▶ **Given entries**:
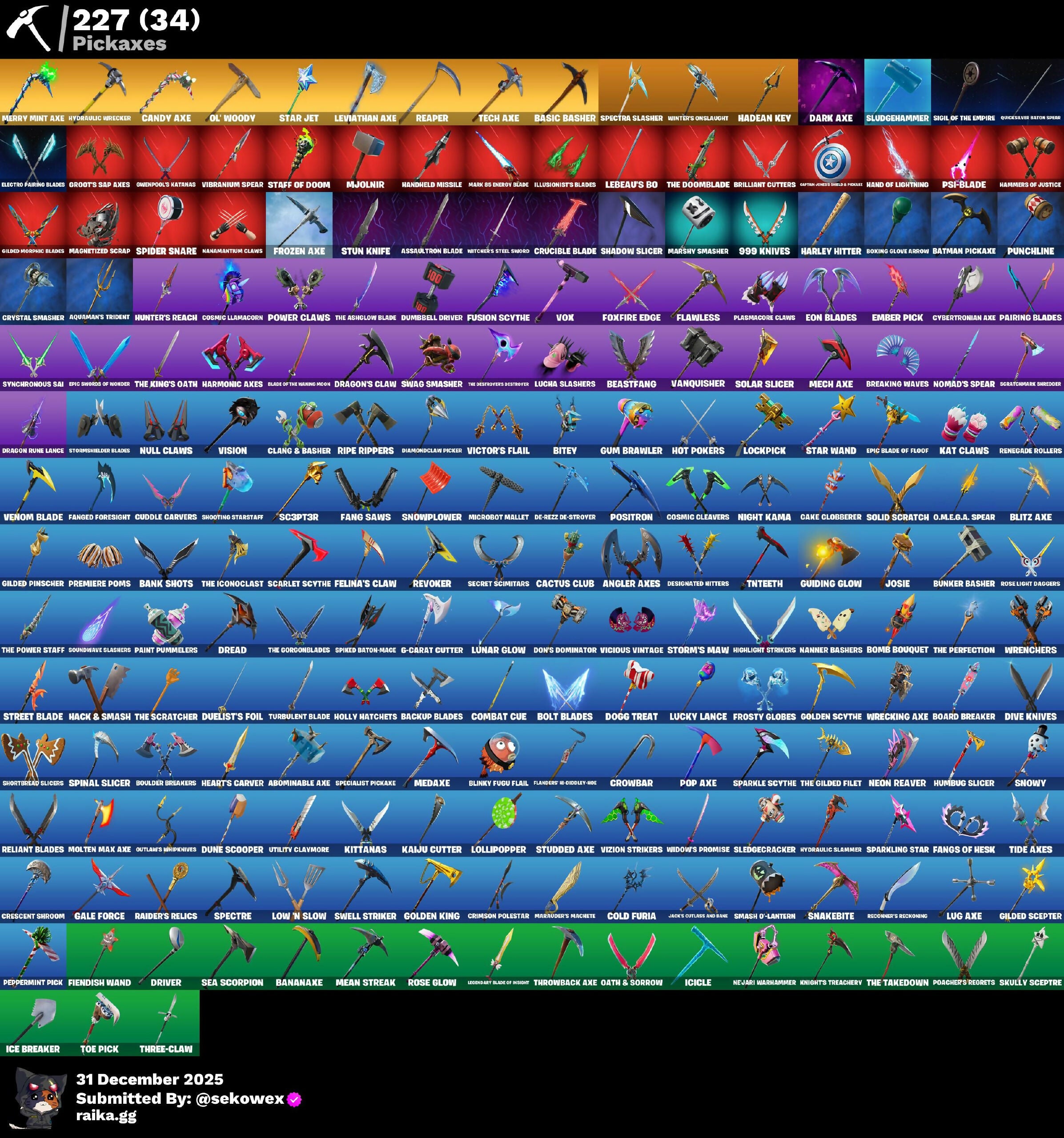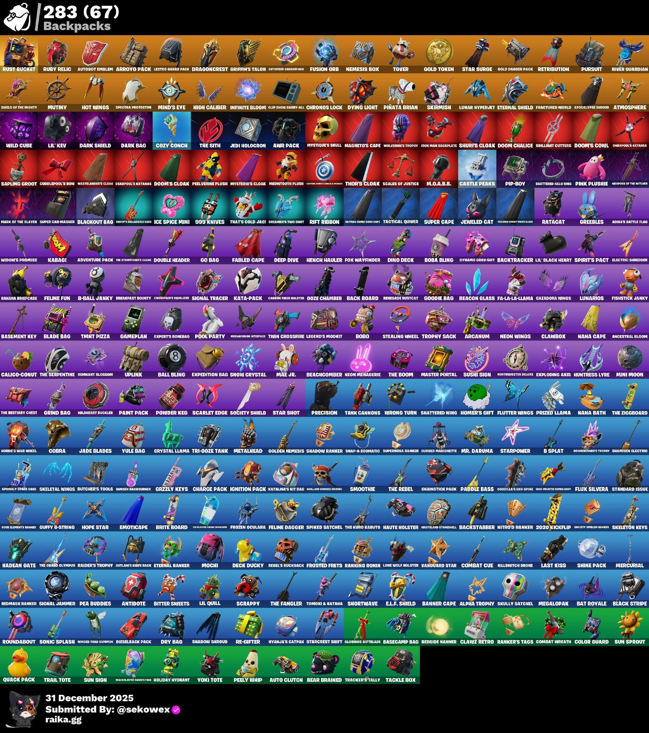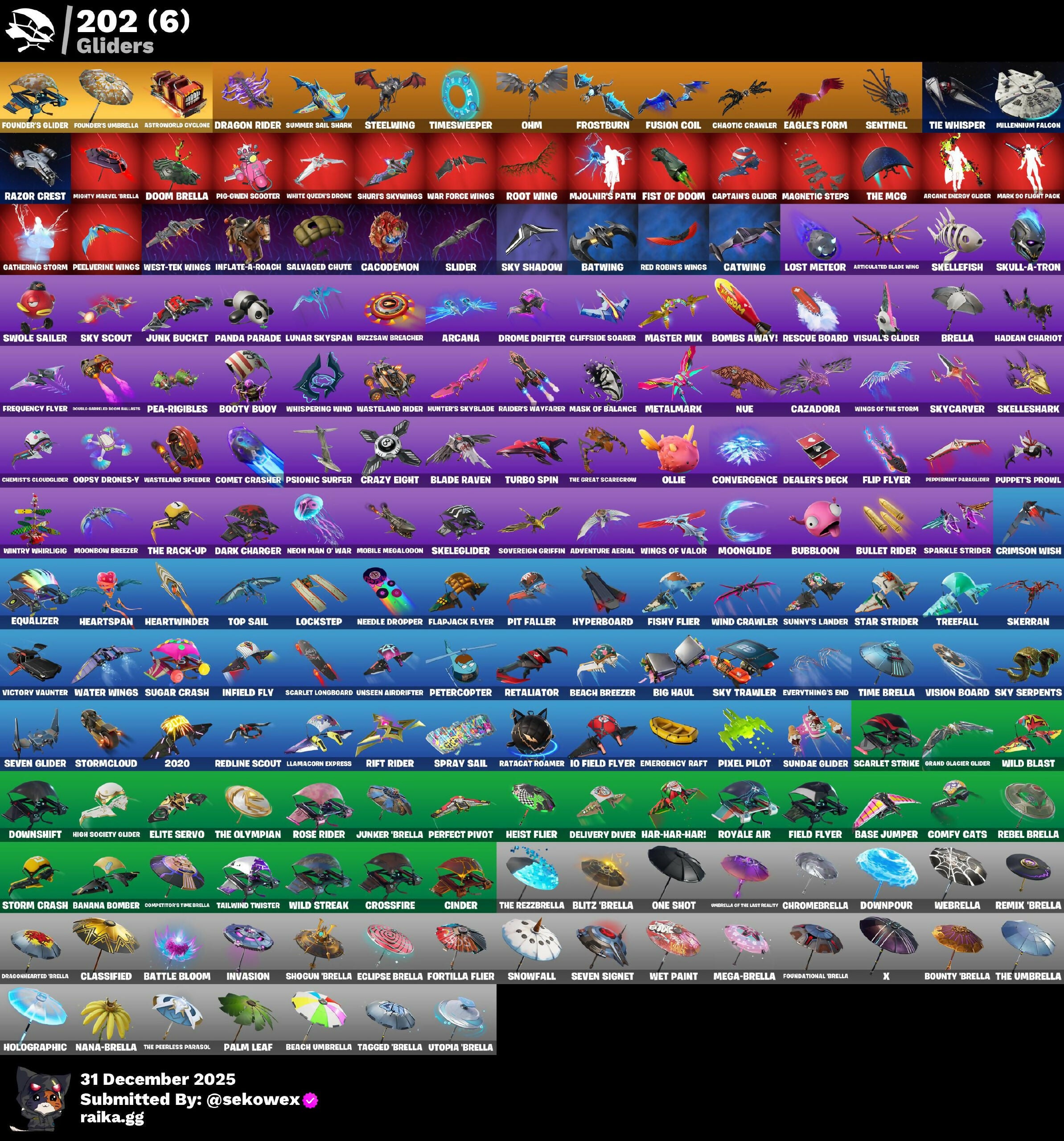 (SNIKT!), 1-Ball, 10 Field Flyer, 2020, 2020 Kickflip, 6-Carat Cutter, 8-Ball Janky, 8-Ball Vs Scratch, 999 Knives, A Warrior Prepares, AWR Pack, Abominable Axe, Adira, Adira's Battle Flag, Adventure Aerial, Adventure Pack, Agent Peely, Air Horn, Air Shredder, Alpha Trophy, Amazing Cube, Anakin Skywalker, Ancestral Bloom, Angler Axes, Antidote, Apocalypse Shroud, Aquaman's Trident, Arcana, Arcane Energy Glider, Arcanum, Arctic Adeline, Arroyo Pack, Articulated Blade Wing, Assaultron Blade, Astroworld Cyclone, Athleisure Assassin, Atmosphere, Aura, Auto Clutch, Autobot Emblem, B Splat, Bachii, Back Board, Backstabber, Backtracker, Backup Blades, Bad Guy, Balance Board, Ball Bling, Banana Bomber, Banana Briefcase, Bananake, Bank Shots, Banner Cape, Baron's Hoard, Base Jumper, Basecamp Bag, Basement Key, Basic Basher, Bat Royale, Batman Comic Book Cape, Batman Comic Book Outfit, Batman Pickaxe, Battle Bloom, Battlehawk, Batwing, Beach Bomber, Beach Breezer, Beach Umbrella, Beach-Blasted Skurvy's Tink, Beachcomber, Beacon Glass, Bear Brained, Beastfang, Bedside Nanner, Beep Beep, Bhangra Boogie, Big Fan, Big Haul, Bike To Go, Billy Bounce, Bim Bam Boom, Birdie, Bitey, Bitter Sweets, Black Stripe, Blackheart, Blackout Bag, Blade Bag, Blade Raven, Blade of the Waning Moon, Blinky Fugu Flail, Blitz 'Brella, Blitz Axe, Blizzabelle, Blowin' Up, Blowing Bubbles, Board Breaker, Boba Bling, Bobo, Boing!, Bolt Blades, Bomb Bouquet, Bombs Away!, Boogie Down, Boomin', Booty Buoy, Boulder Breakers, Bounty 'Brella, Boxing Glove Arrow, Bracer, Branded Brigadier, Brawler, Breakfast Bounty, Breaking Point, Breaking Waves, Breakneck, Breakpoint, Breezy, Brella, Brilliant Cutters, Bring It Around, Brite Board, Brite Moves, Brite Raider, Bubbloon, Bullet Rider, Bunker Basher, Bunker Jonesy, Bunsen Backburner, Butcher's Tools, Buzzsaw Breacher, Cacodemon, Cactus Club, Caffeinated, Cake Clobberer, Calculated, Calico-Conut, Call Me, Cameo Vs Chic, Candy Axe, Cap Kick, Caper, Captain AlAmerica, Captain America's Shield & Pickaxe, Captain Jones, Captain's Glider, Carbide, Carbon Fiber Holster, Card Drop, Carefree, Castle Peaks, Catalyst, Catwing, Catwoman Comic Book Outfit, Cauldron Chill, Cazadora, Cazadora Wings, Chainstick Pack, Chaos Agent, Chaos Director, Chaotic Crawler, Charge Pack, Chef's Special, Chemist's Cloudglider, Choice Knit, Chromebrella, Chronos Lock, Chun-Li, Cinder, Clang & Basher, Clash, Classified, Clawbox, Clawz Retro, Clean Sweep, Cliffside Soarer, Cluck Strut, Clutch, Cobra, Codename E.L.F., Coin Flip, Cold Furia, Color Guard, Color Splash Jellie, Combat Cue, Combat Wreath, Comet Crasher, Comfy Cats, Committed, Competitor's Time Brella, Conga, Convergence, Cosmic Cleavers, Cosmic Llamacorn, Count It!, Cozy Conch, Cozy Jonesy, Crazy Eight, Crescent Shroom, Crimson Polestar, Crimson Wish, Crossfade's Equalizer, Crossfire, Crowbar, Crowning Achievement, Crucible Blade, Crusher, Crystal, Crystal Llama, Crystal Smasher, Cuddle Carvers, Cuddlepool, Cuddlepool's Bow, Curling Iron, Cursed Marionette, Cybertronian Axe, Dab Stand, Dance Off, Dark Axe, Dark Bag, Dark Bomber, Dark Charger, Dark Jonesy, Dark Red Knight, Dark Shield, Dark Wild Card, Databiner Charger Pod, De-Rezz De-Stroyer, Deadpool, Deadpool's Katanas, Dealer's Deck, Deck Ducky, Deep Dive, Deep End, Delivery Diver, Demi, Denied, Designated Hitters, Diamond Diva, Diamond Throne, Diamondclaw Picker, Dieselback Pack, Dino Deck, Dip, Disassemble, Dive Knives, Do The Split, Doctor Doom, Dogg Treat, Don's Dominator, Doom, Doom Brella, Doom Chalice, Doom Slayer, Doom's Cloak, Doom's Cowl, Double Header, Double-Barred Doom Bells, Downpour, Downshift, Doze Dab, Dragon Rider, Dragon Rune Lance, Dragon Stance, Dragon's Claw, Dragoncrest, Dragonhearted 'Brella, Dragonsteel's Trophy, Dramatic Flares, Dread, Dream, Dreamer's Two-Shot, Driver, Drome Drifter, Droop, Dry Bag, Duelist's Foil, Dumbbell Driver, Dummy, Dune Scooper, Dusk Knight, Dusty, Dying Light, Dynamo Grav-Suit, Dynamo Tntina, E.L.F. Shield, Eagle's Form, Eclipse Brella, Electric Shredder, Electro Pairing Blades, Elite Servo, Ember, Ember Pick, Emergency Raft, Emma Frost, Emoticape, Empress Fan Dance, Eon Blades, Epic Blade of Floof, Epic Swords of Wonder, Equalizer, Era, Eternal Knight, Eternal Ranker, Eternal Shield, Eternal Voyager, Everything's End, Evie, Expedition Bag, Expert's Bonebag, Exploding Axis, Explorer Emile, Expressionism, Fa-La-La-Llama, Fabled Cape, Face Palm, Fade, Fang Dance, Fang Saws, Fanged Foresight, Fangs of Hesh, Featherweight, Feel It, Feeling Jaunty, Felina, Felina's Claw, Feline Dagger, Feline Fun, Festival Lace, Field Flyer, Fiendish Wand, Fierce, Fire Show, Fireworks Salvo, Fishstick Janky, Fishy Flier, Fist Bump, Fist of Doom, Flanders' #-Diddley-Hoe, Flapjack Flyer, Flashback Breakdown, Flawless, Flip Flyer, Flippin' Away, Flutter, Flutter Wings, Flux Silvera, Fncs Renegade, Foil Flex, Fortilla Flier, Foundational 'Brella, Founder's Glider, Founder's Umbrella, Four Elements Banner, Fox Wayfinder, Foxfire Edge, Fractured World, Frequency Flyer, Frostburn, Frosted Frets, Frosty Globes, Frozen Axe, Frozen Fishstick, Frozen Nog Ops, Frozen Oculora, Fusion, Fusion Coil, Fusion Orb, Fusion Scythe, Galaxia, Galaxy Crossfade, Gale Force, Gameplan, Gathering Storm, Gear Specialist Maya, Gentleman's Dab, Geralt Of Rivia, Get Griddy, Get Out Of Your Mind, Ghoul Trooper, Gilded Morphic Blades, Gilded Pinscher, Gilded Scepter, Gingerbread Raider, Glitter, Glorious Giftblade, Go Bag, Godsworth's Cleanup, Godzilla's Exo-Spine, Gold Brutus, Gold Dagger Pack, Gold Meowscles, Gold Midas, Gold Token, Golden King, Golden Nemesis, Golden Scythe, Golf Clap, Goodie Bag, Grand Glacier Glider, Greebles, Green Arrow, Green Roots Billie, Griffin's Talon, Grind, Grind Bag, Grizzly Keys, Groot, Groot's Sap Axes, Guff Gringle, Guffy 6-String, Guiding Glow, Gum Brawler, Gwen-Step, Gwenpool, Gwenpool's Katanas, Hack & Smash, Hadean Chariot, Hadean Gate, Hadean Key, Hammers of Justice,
==
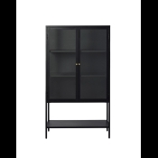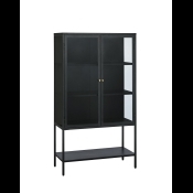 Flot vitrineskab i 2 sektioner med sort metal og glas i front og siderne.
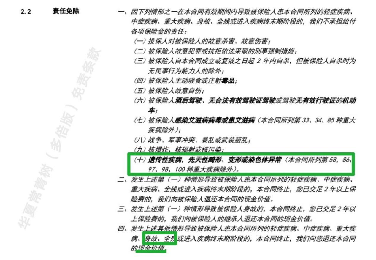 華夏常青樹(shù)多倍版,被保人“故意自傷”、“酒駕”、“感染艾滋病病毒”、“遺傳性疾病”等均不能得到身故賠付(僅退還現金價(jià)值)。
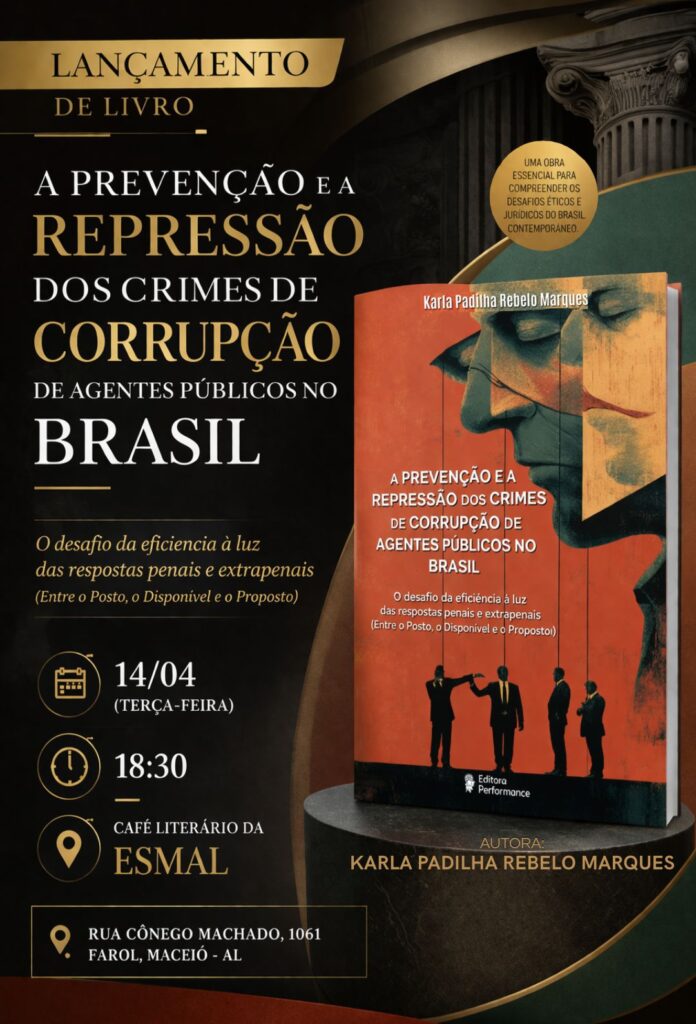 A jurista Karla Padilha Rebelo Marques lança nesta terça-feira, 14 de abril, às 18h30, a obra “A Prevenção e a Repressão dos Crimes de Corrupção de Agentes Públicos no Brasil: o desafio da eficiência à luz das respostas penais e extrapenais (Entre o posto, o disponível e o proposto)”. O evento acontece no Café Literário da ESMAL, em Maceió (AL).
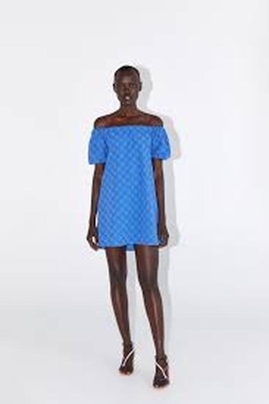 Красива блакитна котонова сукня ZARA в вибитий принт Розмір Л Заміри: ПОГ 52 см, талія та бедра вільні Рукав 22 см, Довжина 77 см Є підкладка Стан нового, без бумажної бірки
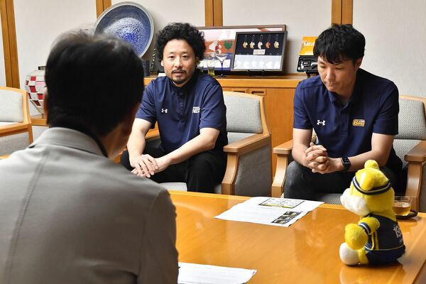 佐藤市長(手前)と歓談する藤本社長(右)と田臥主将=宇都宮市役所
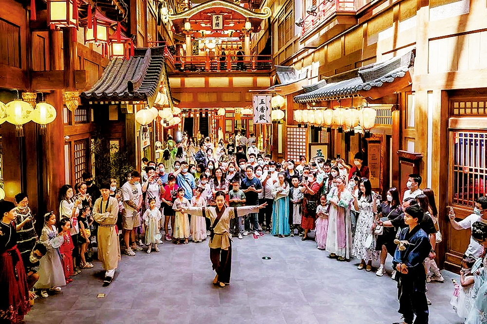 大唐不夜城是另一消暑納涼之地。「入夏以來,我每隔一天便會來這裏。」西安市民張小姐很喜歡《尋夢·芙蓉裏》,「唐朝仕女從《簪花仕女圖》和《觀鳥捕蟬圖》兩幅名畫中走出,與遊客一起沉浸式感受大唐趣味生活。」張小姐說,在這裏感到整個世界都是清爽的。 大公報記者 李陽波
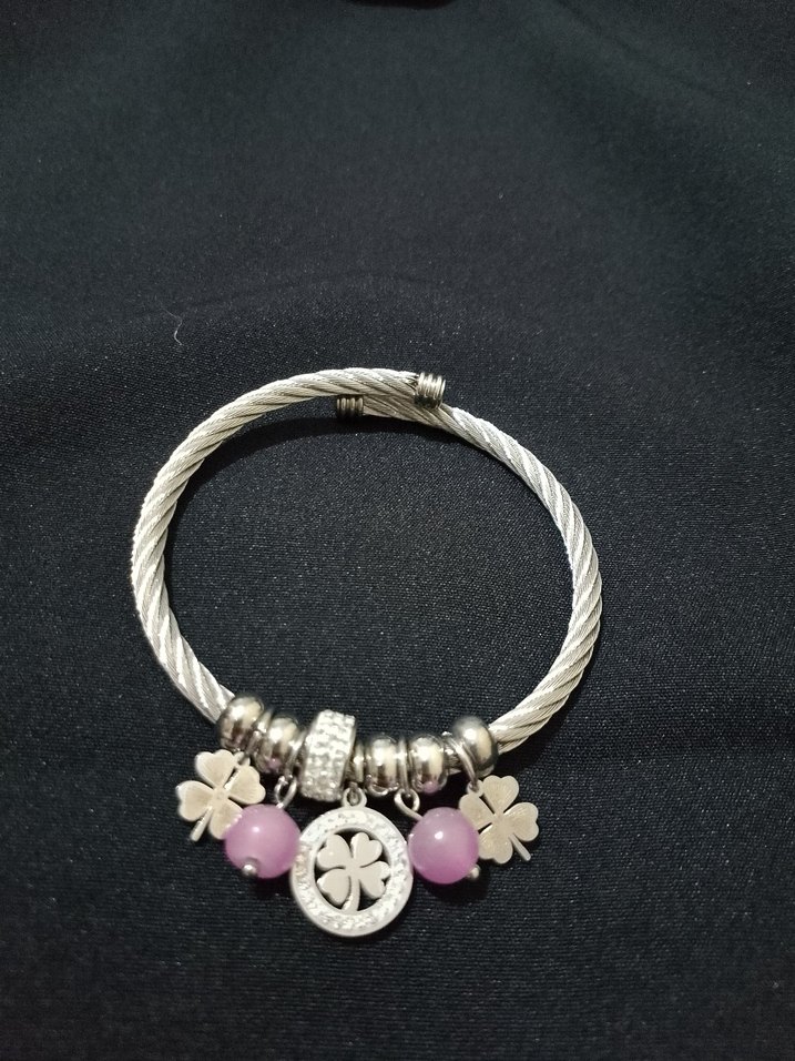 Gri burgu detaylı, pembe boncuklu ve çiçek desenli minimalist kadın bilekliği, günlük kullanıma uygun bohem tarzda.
--
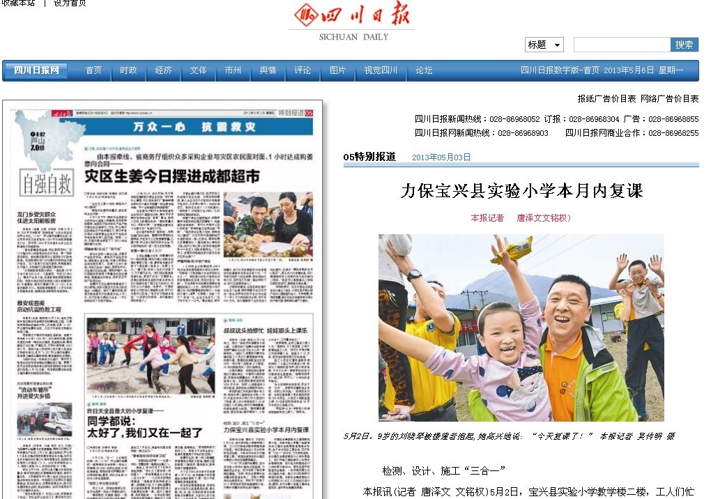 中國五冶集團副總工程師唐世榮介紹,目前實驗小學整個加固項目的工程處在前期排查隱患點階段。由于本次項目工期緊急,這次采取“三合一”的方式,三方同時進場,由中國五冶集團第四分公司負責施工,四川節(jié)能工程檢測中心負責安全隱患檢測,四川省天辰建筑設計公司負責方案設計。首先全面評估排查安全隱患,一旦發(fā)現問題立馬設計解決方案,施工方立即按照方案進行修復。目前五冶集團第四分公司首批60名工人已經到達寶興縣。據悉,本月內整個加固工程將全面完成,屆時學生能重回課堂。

▶ **Prompt**:
From the records above, return exactly the lines running from the one that contains "Красива блакитна котонова" down to the one that contains "佐藤市長(手前)と歓談する藤本社長(右)と田臥主将=宇都宮市役所", both included, without any pictures.

▶ **Your response**:
 Красива блакитна котонова сукня ZARA в вибитий принт Розмір Л Заміри: ПОГ 52 см, талія та бедра вільні Рукав 22 см, Довжина 77 см Є підкладка Стан нового, без бумажної бірки
 佐藤市長(手前)と歓談する藤本社長(右)と田臥主将=宇都宮市役所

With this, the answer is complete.